Convert between sparse and dense matrix representations.

to_dense(sparse) -> matrix
to_sparse(matrix) -> sparse
let dense = to_dense(mat)   # full matrix (caution: memory!)
let sp = to_sparse(matrix([[1, 0, 0], [0, 0, 2], [0, 3, 0]]))
println(nnz(sp))   # 3

Edge case: to_dense on a large scRNA-seq matrix (30k x 10k) allocates ~2.4 GB. Use sparse operations when possible.

nnz

Count of non-zero entries in the sparse matrix.

nnz(sparse) -> int
let mat = sparse_matrix([[0, 0, 5.0], [1, 2, 3.0]], 10, 10)
nnz(mat)   # 2

# Sparsity ratio
let sparsity = 1.0 - float(nnz(mat)) / float(10 * 10)
println("Sparsity:", round(sparsity * 100, 1), "%")   # Sparsity: 98.0%

sparse_get

Get a single value from a sparse matrix by row and column index.

sparse_get(sparse, row, col) -> float
let mat = sparse_matrix([[0, 0, 5.0], [1, 2, 3.0]], 10, 10)
sparse_get(mat, 0, 0)   # 5.0
sparse_get(mat, 0, 1)   # 0.0  (not stored = zero)

normalize_sparse

Normalize columns (cells) to sum to a target value (default: 10,000 for CPM-like normalization).
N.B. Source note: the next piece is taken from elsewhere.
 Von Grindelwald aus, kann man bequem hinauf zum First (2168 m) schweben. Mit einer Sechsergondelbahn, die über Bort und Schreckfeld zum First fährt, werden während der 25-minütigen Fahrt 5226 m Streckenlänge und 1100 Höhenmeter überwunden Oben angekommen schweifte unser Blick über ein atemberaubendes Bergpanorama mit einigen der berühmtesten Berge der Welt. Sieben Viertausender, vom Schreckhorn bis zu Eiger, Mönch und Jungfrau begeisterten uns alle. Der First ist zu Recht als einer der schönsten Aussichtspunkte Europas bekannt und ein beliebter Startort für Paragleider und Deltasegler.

normalize_sparse(mat, target?) -> sparse
let raw_counts = sparse_matrix(entries, 30000, 10000)
let normalized = normalize_sparse(raw_counts, 10000)   # library-size normalization

sparse_row_sums / sparse_col_sums

Compute row or column sums of a sparse matrix efficiently.

sparse_row_sums(sparse) -> list
sparse_col_sums(sparse) -> list
let mat = sparse_matrix([[0, 0, 5.0], [0, 1, 3.0], [1, 0, 2.0]], 3, 3)
sparse_row_sums(mat)   # [8.0, 2.0, 0.0]
sparse_col_sums(mat)   # [7.0, 3.0, 0.0]